▶ **What this task involves**: From the line with "Сегодня (29 октября)" to the end of the data below, restate each line word for word, both ends included, without the pictures.

▶ **Records for processing**:
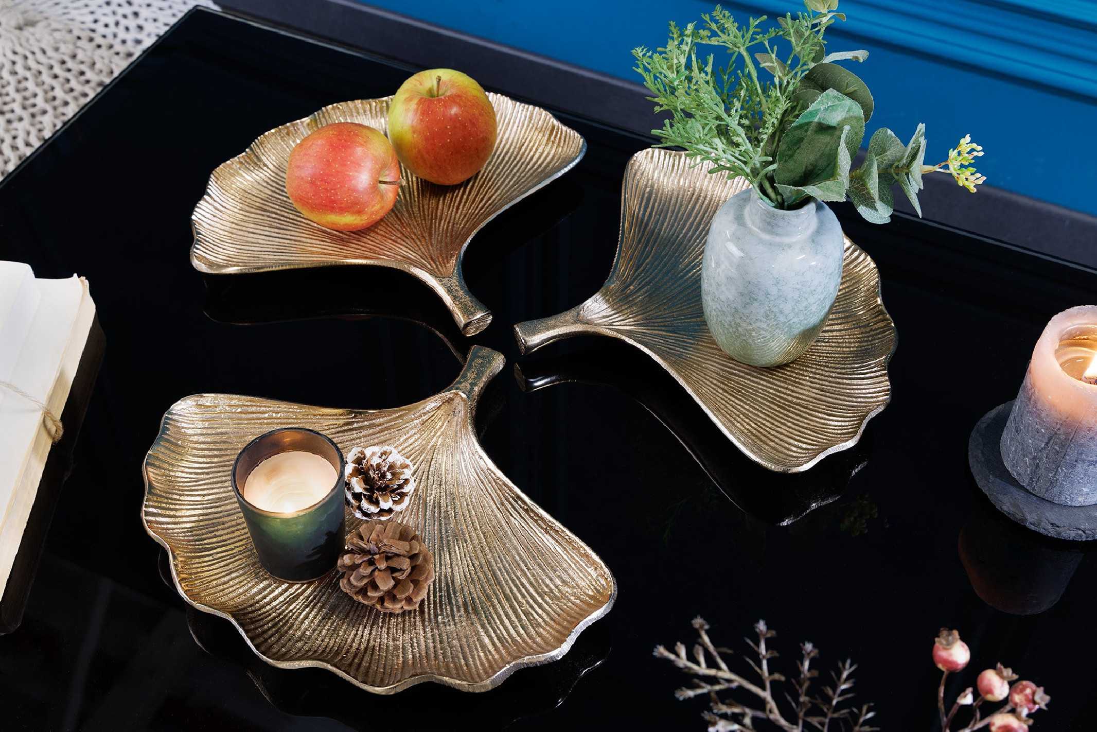 AURIGA skålset om 3 i guld förvandlar enkelt dina hyllor, soffbord och sidobord till stilfulla blickfång. De glänsande dekorationsskålarna tillför en modern, lyxig känsla och skapar en varm, inbjudande atmosfär i rummet. Tillverkade i metall av aluminiumlegering med elegant gyllene finish ger dessa dekorskålar ett modernt uttryck som passar både minimalistisk och mer personlig inredning. Använd skålarna tillsammans eller var för sig på ett soffbord, matbord eller i en hylla för att skapa djup och variation i din heminredning. Perfekt som dekorationsskålar vid dukning, som skålset i vardagsrum eller som detalj i en stilren stilleben. Mått: Ej angivna (set om 3 dekorationsskålar)
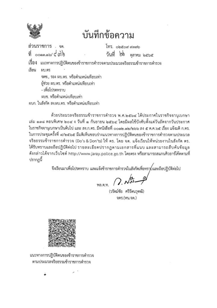 ดาวน์โหลดแนวทางการปฏิบัติตนของข้าราชการตำรวจ
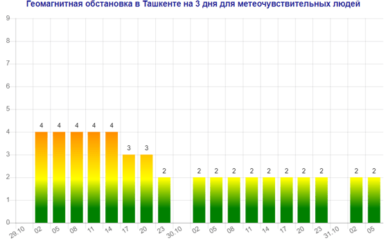 Сегодня (29 октября) в Ташкенте наблюдается магнитная буря мощностью четыре балла, следует из данных сервиса Meteonova.
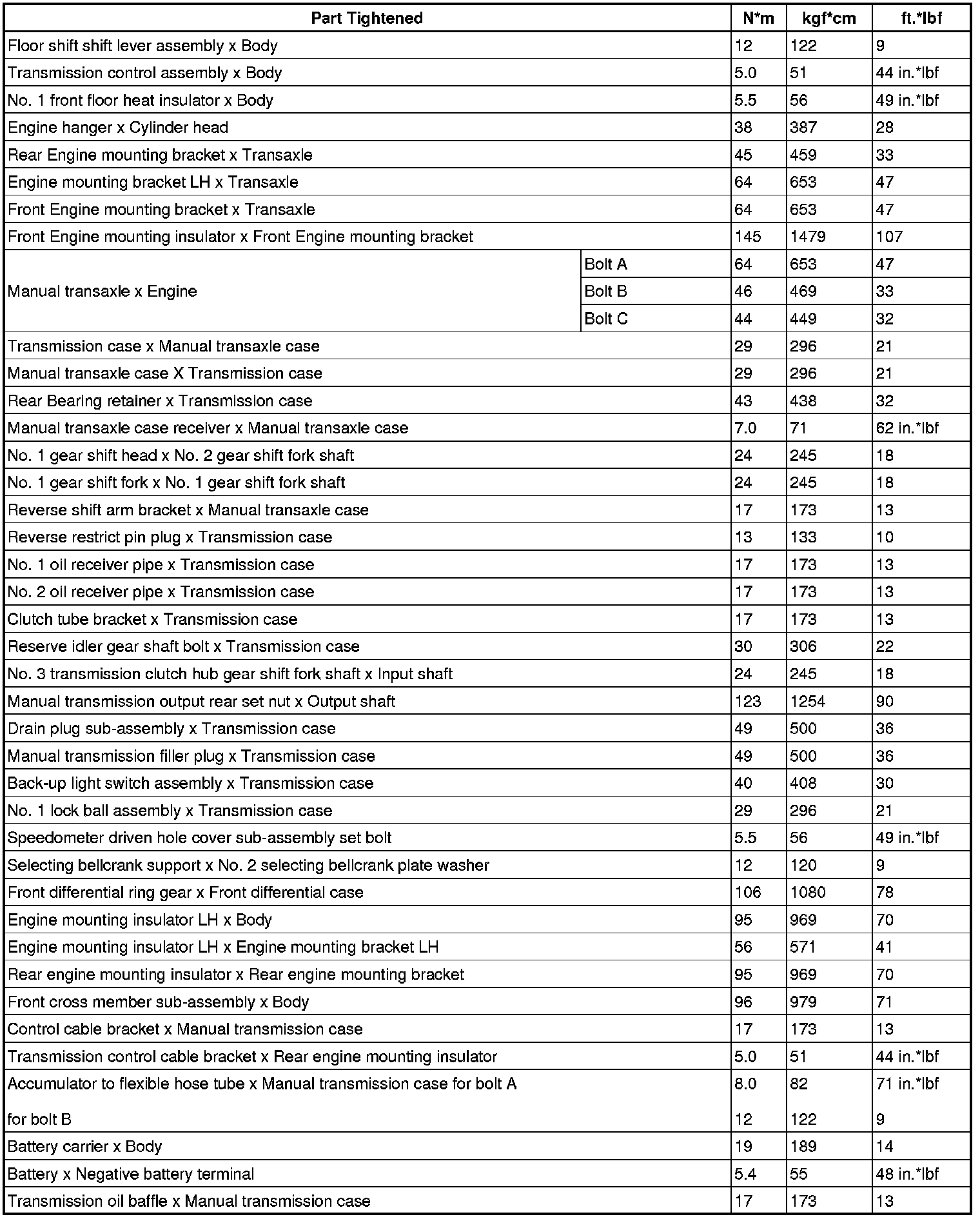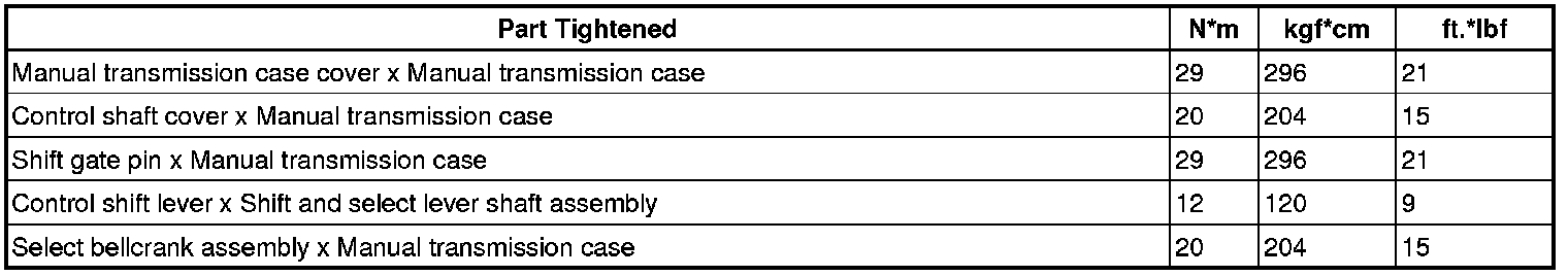 SERVICE SPECIFICATIONS: E351 MANUAL TRANSAXLE: TORQUE SPECIFICATIONS
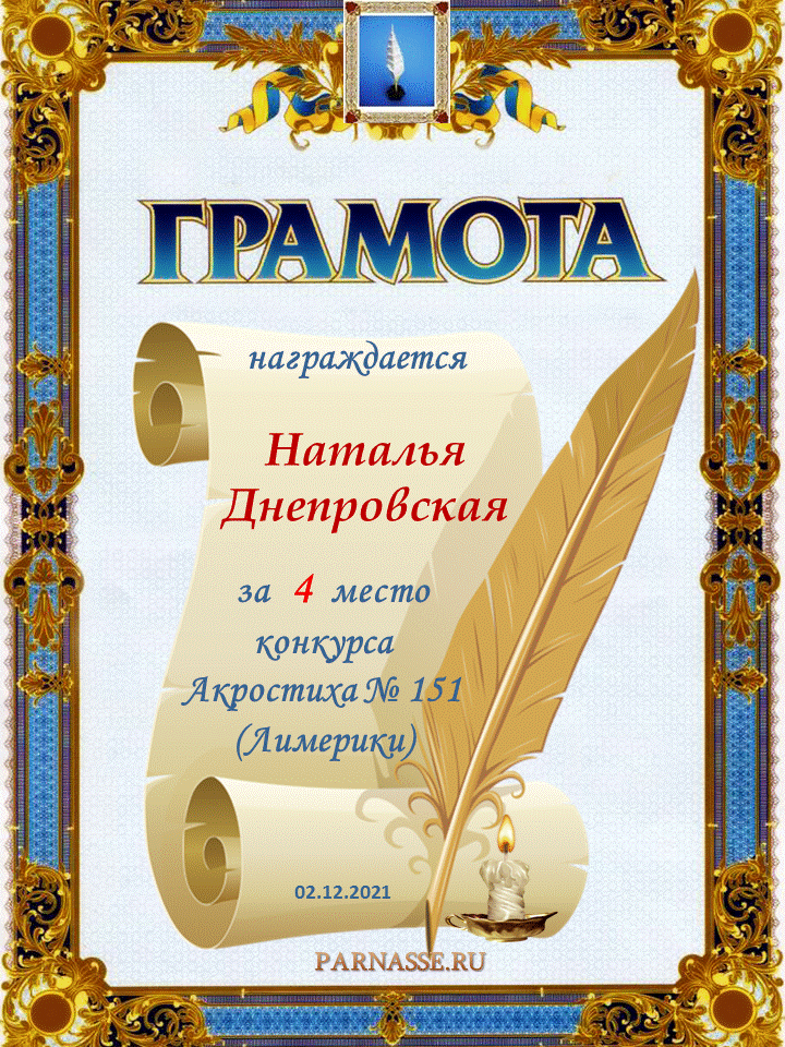 Похвальная грамота за 4 место и активное участие в конкурсе лимериков № 71+ (03.09.2015 г.)

▶ **Exercise result**:
 Сегодня (29 октября) в Ташкенте наблюдается магнитная буря мощностью четыре балла, следует из данных сервиса Meteonova.
 SERVICE SPECIFICATIONS: E351 MANUAL TRANSAXLE: TORQUE SPECIFICATIONS
 Похвальная грамота за 4 место и активное участие в конкурсе лимериков № 71+ (03.09.2015 г.)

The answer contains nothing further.